2区坂東選手…4年連続往路、そして2年連続2区のエース選手ですね。前回よりもずっと高順位でもらい、権太坂まで4位争いの集団に。そこからじりじりと順位を下げていきましたが、設定タイムよりも上回る69分01秒。エース区間で役割を果たしています。
3区岡原選手…前回7区から、自信をもっての3区起用となった岡原選手ですが、この区間だけ誤算だったようですね。例年以上に3区に主力選手が集まったのですが、2つ順位を落とし総合13位へ。設定タイムより1分オーバーしてしまい、4区終了時と最終的な総合順位にやや響く、悔しい走りになりました。

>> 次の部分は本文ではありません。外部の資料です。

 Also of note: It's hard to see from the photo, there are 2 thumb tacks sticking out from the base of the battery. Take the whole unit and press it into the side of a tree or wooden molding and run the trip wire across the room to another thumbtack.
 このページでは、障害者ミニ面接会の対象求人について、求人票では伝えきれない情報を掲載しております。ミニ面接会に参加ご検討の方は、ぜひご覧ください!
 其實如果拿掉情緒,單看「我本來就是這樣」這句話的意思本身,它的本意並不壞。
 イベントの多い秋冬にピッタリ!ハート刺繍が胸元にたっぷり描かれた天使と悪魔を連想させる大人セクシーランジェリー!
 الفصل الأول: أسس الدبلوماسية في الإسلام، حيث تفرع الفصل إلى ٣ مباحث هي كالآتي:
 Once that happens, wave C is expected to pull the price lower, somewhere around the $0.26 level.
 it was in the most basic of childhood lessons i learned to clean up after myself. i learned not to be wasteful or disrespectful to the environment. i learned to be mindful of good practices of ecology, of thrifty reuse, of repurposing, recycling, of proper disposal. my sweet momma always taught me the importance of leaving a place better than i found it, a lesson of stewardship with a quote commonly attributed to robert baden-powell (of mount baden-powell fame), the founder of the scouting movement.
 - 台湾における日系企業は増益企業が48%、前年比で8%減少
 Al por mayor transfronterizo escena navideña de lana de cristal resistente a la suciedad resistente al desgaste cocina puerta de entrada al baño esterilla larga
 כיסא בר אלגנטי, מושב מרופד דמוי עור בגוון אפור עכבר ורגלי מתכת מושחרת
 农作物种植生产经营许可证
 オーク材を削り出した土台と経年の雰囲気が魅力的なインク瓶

4区狩野選手(個人的MIP)…個人的に、当日変更になると思ってたのですが失礼。自信を持っての起用でしたね。中盤からしぶとさを発揮する、最近の法政大の選手らしい走り。見事区間10位で64分以内にまとめる好走で、最初で最後の箱根を締めくくりました。10位とも見える位置に付けたのもナイスです。
5区青木選手…さて区間記録保持者の登場。総合10位以内ではないということで、大きく突っ込んで入っていきました。どんどん選手を追い抜いていき、小涌園過ぎに青学大を捉え、一気に7人抜きの5位浮上。終盤に苦しい場面も粘り切り、区間3位ながらも昨年の自身の記録を上回る走りを披露。2年連続往路5位と、今回もしっかりまとめあげる走りでした。
6区坪井選手…ある意味一番注目の区間だったでしょう。58分台の前任者を平地にして、毎年控えだった坪井選手の登場。どんな走りになるかと思われましたが、まさか前任者の記録を超えてくるとは!58分30秒の好タイムで、青学相手にも終盤まで善戦する走り。ここのところ、6区が法大本当に当たっていますね
7区土井選手…土井選手も4年連続の箱根路出走だったのですよね。8区、4区、1区とそれぞれ違う区間、最後は7区。長いロードで手堅い走りをする彼にうってつけの区間でした。終始区間上位争いをキープ。終盤に國學院大を交わして、再度の総合5位浮上。今シーズン一時苦しんだ時期もあった中、バッチリ合わせて来ました。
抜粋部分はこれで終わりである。